Two variants of this model were trained and compared: one using only the normalized closing price as input (Figure 5), and a second incorporating both closing price and the daily-aggregated sentiment features described above (Figure 6). This comparison was the central manipulation of the study, allowing us to isolate whatever incremental contribution sentiment information makes over and above price history alone.

2.14 Model Evaluation

Once trained, each LSTM variant was applied to the held-out test set to generate predictions on previously unseen data, and predicted closing prices were compared against actual observed prices across the test period.
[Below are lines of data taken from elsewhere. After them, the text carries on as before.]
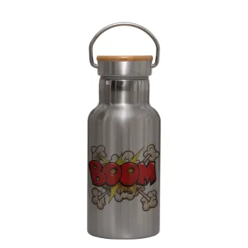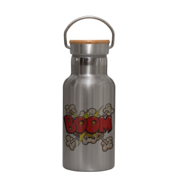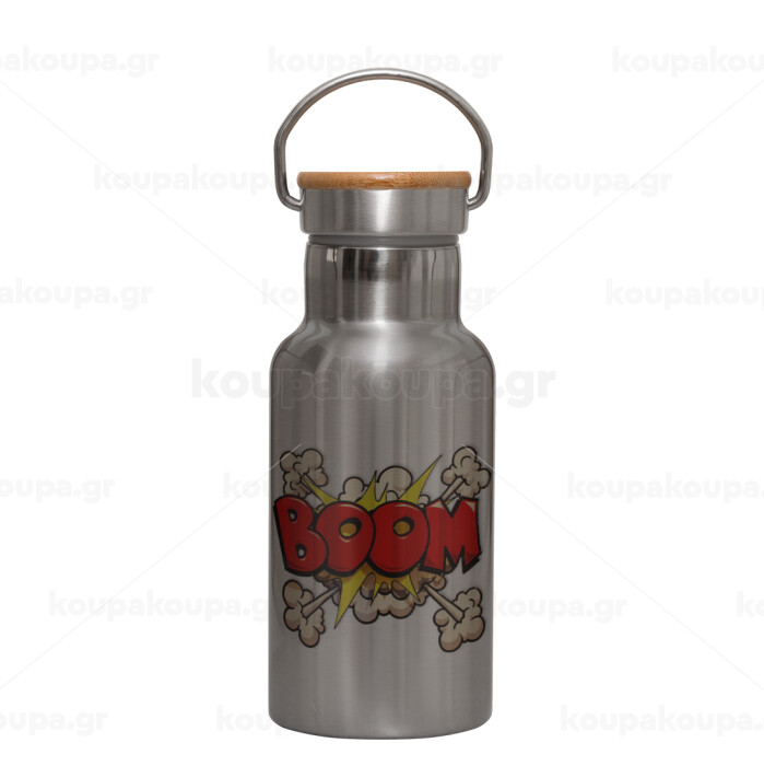 BOOM!!!, Μεταλλικό παγούρι θερμός (Stainless steel) Ασημένιο με ξύλινο καπακι (bamboo), διπλού τοιχώματος, 350ml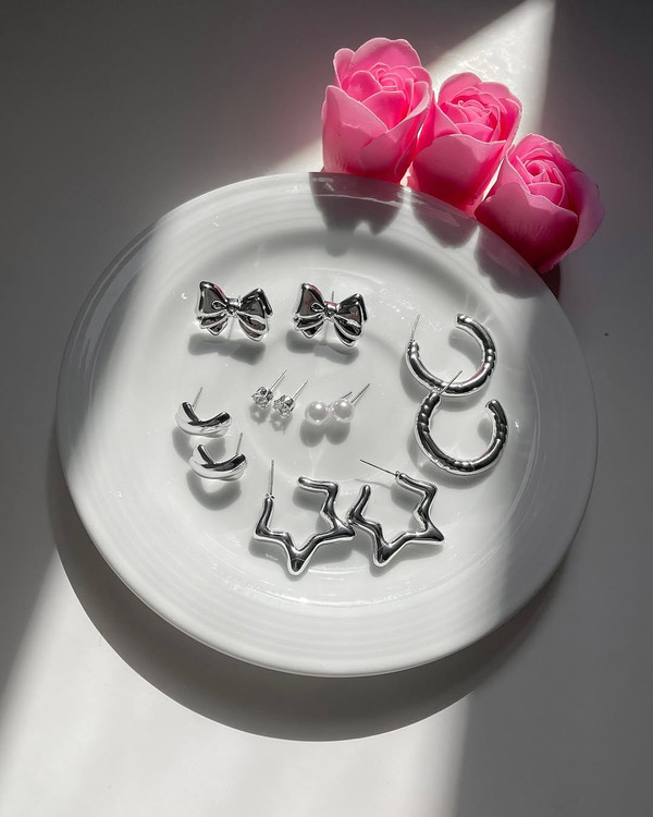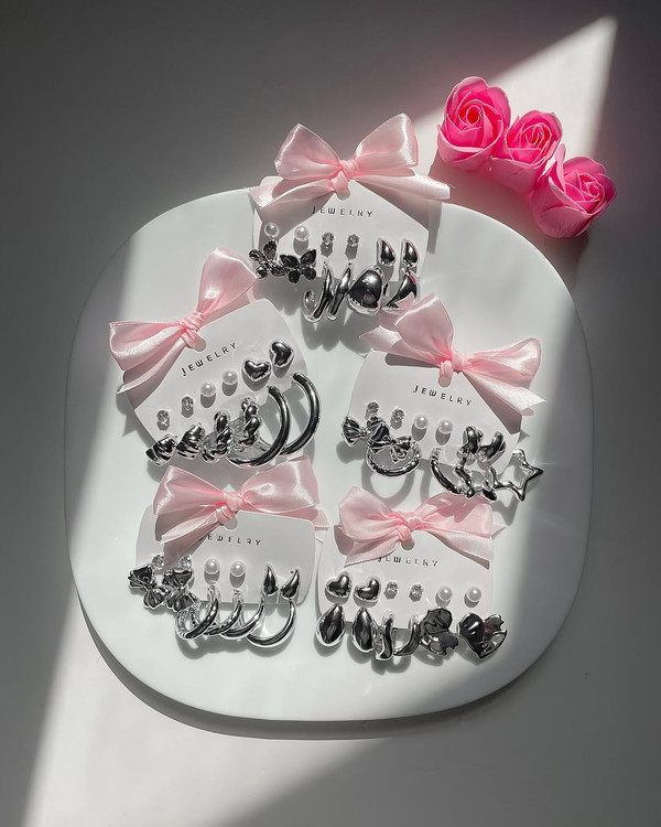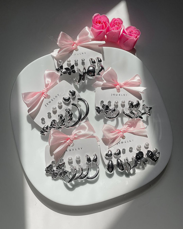 شیش جفت گوشواره به این نازی باهم /من ؟! اونم انقدر کاربردی که تک تک مدلاش قشنگ باشه و با کیفیت تازه گوشواره ها سبک هم هستن و اصلا گوشتون رو اذیت نمیکنن و همینطور ابکاری شده و ضد حساسیتن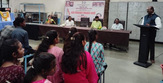 अध्यक्षस्थानावरून बोलतांना प्राचार्य राजेश ढबाले यांनी पं. दीनदयाल यांच्या विचारांचे महत्व सांगून प्रत्येक युवकांनी आपल्या जीवनात याचे अनुकरण करावे असे आवाहन केले.या कार्यक्रमाचे सूत्रसंचालन शिल्प निदेशिका रीना पेंढारकर व आभार प्रदर्शन शिल्प निदेशक मोहन पायघण यांनी केले.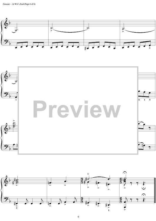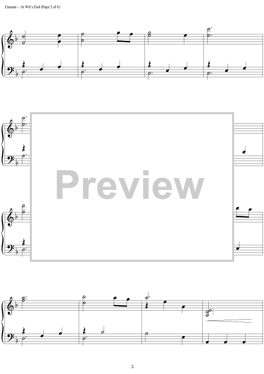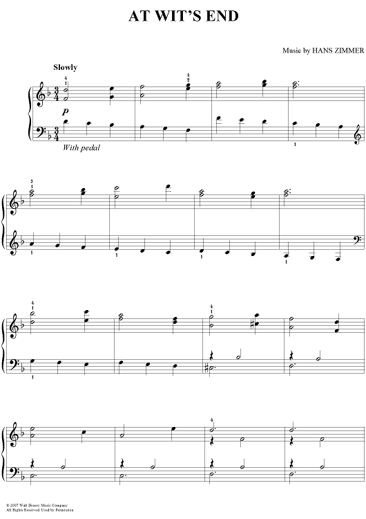 Digital Sheet Music for At Wit's End by Hans Zimmer scored for Easy Piano; id:399363
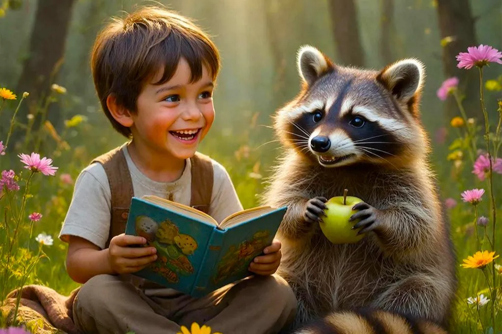 В маленьком городке, затерянном среди зелёных холмов и цветущих луг, жил юный Эдвард. Он был мечтателем, с глазами, полными звезд, и головой, полной идей. Каждый день, после уроков, он проводил время в старом антикварном магазинчике, где всё дышало тайной. Его лучшим другом был Румби Коко — весёлый и немного неуклюжий енот, который всегда находил способ заставить Эдварда смеяться.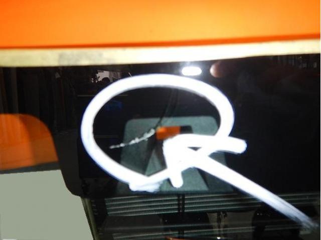 フロントガラスの破損箇所。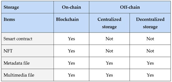 In on-chain storage, the NFT’s metadata and multimedia file are directly recorded on the blockchain. The file’s integrity and availability are guaranteed as long as the underlying blockchain network remains intact and accessible. In this case, the work or asset is directly linked to the token, eliminating uncertainties about the removal or limitation of the use of the asset hosted off-chain since the digital element can continue to exist even if the original company no longer does (). The main drawback of this storage type is the high minting transaction costs, which currently discourage its use. Therefore, it is more common to store only the image metadata on the blockchain (Janesh s/o Rajkumar v Unknown person, 2022).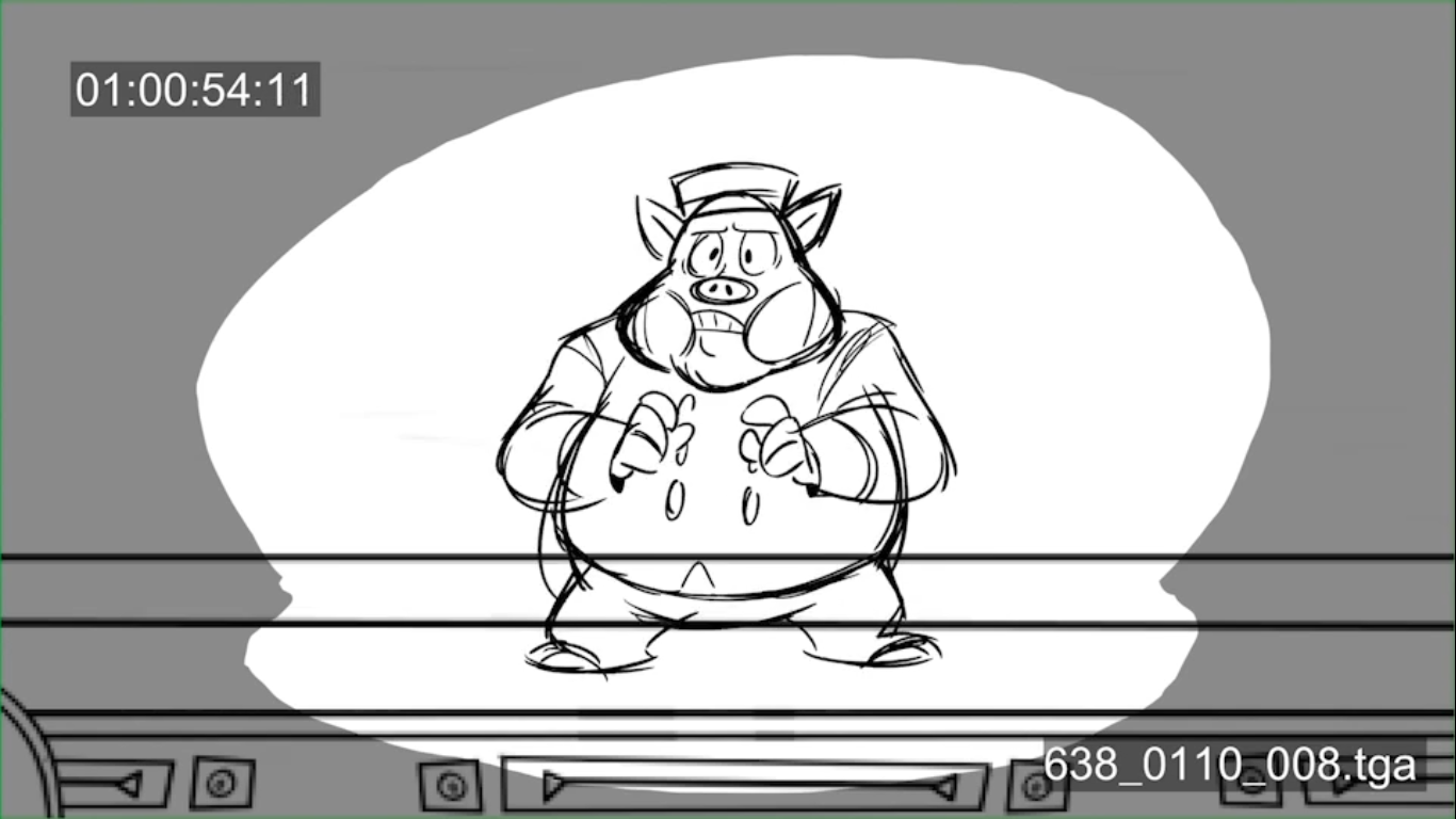 Sean's new drawings for this section. Porky does a head scratching action as he explains that he's lost his thought, with a confused look as to who exactly yelled. Sean did a new transition pose of Porky, with him trying to brush off the interruption that he might not even think was an actual interruption yet.
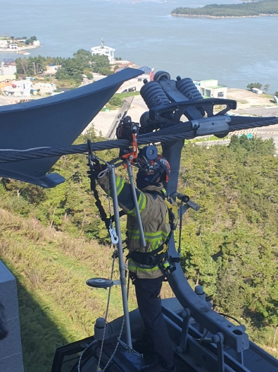 [무한뉴스=정민정 기자] 진도소방서는 10월 20일 명량해상케이블카 진도스테이션에서 삭도시설 민관합동 구조훈련을 실시했다. 이번 훈련은 전국적으로 노후화가 진행 중인 관광용 삭도설비와 최근 증가하는 설치 현황에 대응하기 위해 마련됐다.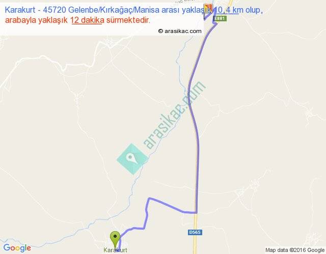 Karakurt - 45720 Gelenbe Kırkağaç Manisa arası yaklaşık olarak 90 km/h ile yukarıda belirtilen sürede olup, iki yerin kuş uçuşu uzaklığı (mesafesi) 7'dir. Yolculuk otobüsle 15 dakika sürmektedir.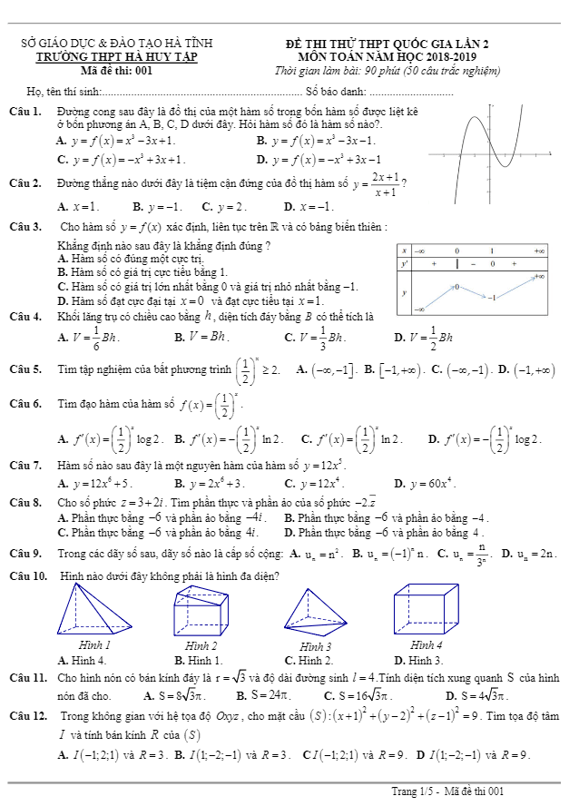 Đề thi thử Toán THPT Quốc gia 2019 lần 2 trường Hà Huy Tập – Hà Tĩnh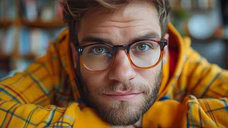 Close-up portrait of a man with glasses. Men's beauty, fashion.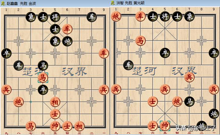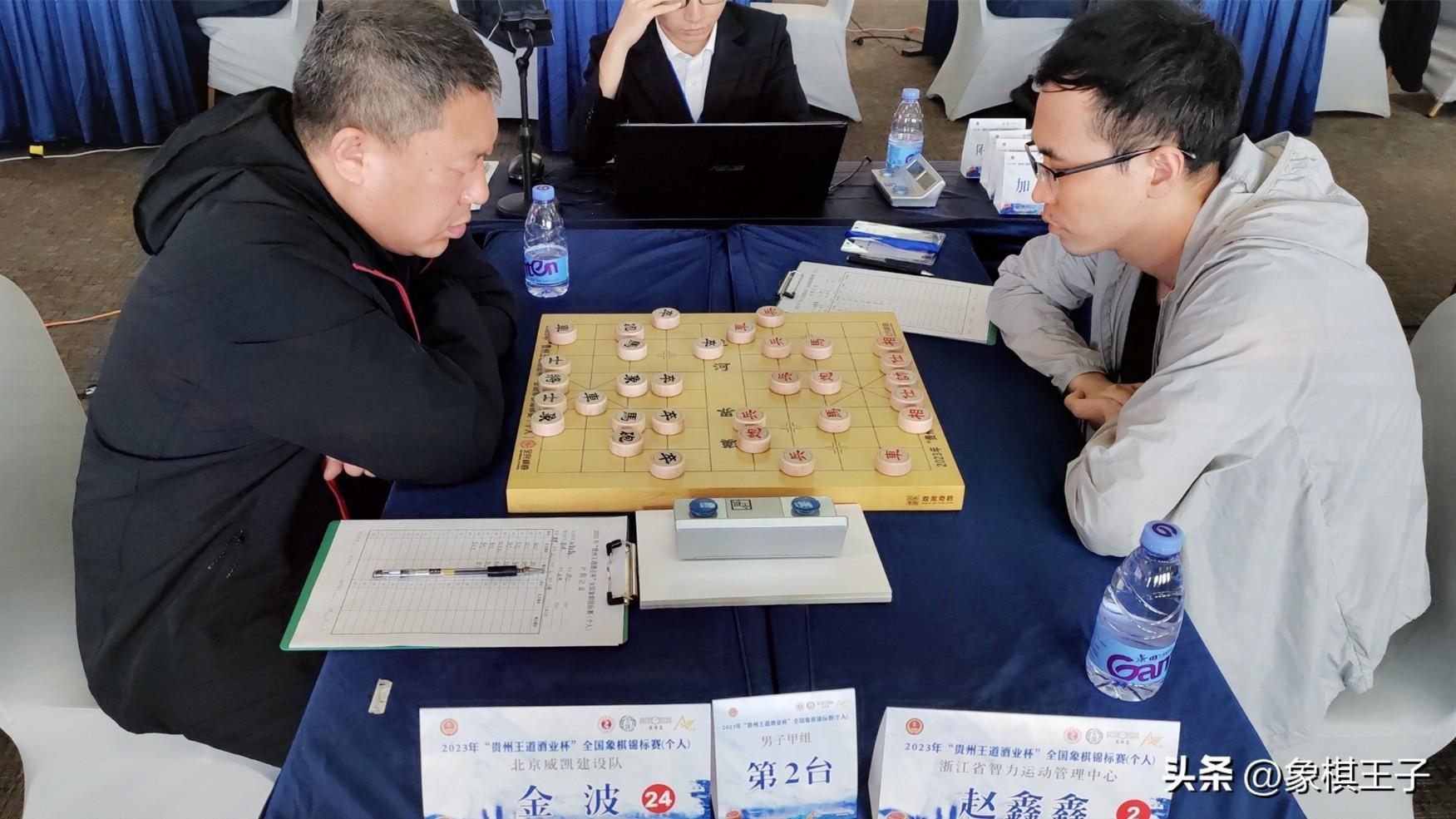 男甲廝殺,六脈神劍趙鑫鑫淘汰老將金波,執先中炮巡河炮局,飛以擒子,多子速勝。

We additionally examined the correlation between daily news sentiment polarity and same-day closing price movement (Figure 4) as a complementary, model-independent check on whether the underlying sentiment-price relationship the system depends on was actually present in the data, rather than relying solely on downstream forecasting accuracy to make that case indirectly. Because the sentiment classifier's own accuracy directly bounds how much useful signal can flow into the price model, we also report classifier-level performance (Naive Bayes and SVM accuracy) separately from the downstream LSTM forecasting results, so that errors attributable to language classification versus time-series modeling can be distinguished rather than conflated into a single end-to-end metric.

 

3. Results

3.1 Overview

Before getting into the numbers, it's worth stating plainly what we were trying to find out: does financial news sentiment actually carry information that helps predict stock price movement, beyond what historical price alone can offer? The results below are organized to answer that question in stages — first by examining whether sentiment and price even move together in the data (a sanity check, in a sense, before trusting any model output), then by evaluating how well the sentiment classifier itself performed, and finally by comparing the two LSTM-based forecasting variants against one another.

3.2 Relationship Between News Sentiment and Closing Price

We began with a fairly simple, almost old-fashioned step: just looking at how sentiment and price moved together over time, without yet involving any predictive model. Correlational analysis of this kind, however unglamorous it might sound next to a neural network, tends to be a useful gut-check before investing further effort in more complex architectures, and that is largely how we used it here. Figure 4 plots the relationship between daily news sentiment and the closing price of the target stock. What emerged was a pattern that, while not perfectly consistent across every single day, held up often enough to be notable — on most days where news sentiment skewed positive, the share price also tended to climb, pointing to a positive association between the sentiment signal extracted from headlines and subsequent (or concurrent) movement in price [Figure 4]. We want to be careful with the word "causal" here, since this was a correlational observation rather than a controlled experiment, but the direction of the relationship is at least consistent with what earlier work on this topic has reported (Li et al., 2014; Li, Wu, & Wang, 2020).

3.3 Performance of the Sentiment Classification Model

Naturally, the next question was how reliable the sentiment labels feeding into the price model actually were — because if the classifier itself is shaky, everything downstream inherits that uncertainty. The sentiment analysis model, trained using the procedures described in the Methods section, reached an accuracy of approximately 75%. That figure is, frankly, a mixed result. It's high enough to suggest the model is picking up genuine signal rather than guessing at random, but not so high that we'd call it a finished product — and given that sentiment classification accuracy effectively sets a ceiling on how well the downstream price model can perform, this is not a trivial shortfall. Prior studies in this space have generally found transformer-based models such as FinBERT to outperform more traditional classifiers like Naive Bayes (Syeda, 2022), so partly motivated by that gap in the literature, we also experimented with FinBERT in an attempt to push sentiment classification accuracy higher. Density characteristics of the underlying training data used for this stage are shown in [Figure 2], and the overall architecture of the sentiment pipeline is summarized in [Figure 3].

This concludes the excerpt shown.